1. Countries, including the Philippines, agree to help seafarers marooned at sea due to coronavirus.
10 July 2020 : A dozen countries including the United States, Britain and Singapore agreed on Thursday to speed up efforts to get hundreds of thousands of stranded merchant sailors home after they had been at sea for many months due to the coronavirus.

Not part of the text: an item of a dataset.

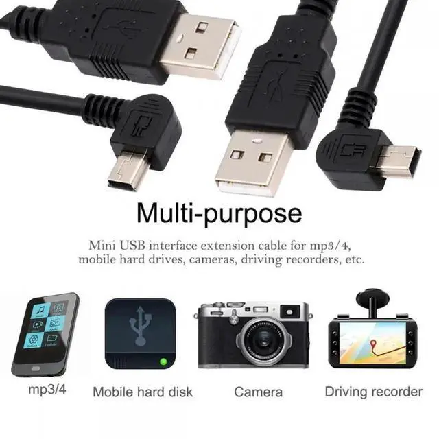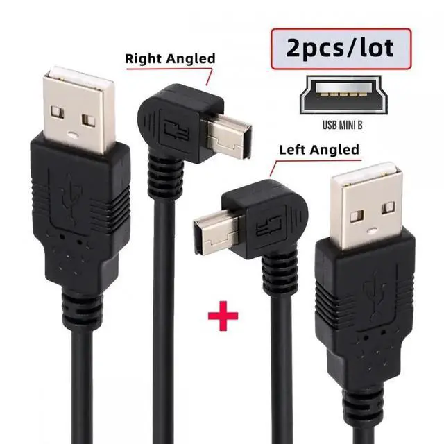 2pcs/lot Left Right Angled Mini USB B Type 5pin Male 90 Degree to USB 2.0 Male Power Data Cable 50cm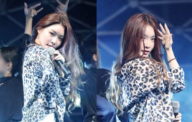 공개된 영상 속 청하는 호피무늬 셔츠에 짧은 핫팬츠를 입고 무대에 올랐다.

Some 200,000 seafarers are affected, with COVID-19 travel restrictions make it almost impossible to rotate crews, according to the UN’s International Maritime Organization. Many have been at sea for longer than an 11-month limit laid out in a maritime labour convention
Shipping industry officials say many sailors are at breaking point, in a situation the United Nations has described as a “humanitarian crisis”. Maritime welfare charities have warned of an increase in suicides. In a virtual summit hosted by Britain, representatives of Denmark, Germany, Greece, Indonesia, the Netherlands, Norway, the Philippines, Saudi Arabia, Singapore, the United Arab Emirates and the United States agreed to open up foreign borders for seafarers and increase the number of commercial flights to speed up repatriation efforts, a UK government statement said.
2. Governments Pledge Crew Change Action.
10 July 2020 : A dozen countries have have committed to facilitate crew changes and achieve key worker designation for seafarers, following a virtual ministerial summit hosted by the U.K. government on Thursday, marking progress to help resolve a growing crisis facing the maritime industry, and enable hundreds of thousands of stranded seafarers to go home or join ships.
“The inability of ship operators worldwide to conduct ship’s crew changes is the single most pressing maritime operational challenge to the safe and efficient movement of global trade,” representatives from 12 countries said in a joint statement expressing their concern about the current crisis.
Since the beginning of the COVID-19 pandemic, travel restrictions and border closures imposed by Governments around the world have caused significant hurdles to crew changes and left hundreds of thousands of seafarers stranded onboard ships, or unable to join ships. It is currently estimated that at least 200,000 seafarers worldwide are stranded on ships and require immediate repatriation, and a similar number urgently need to join ships to replace them. This has led to a growing humanitarian crisis, in addition to concerns that seafarer fatigue and mental health issues may lead to serious maritime accidents. There are also concerns about the continuity of the global supply chain.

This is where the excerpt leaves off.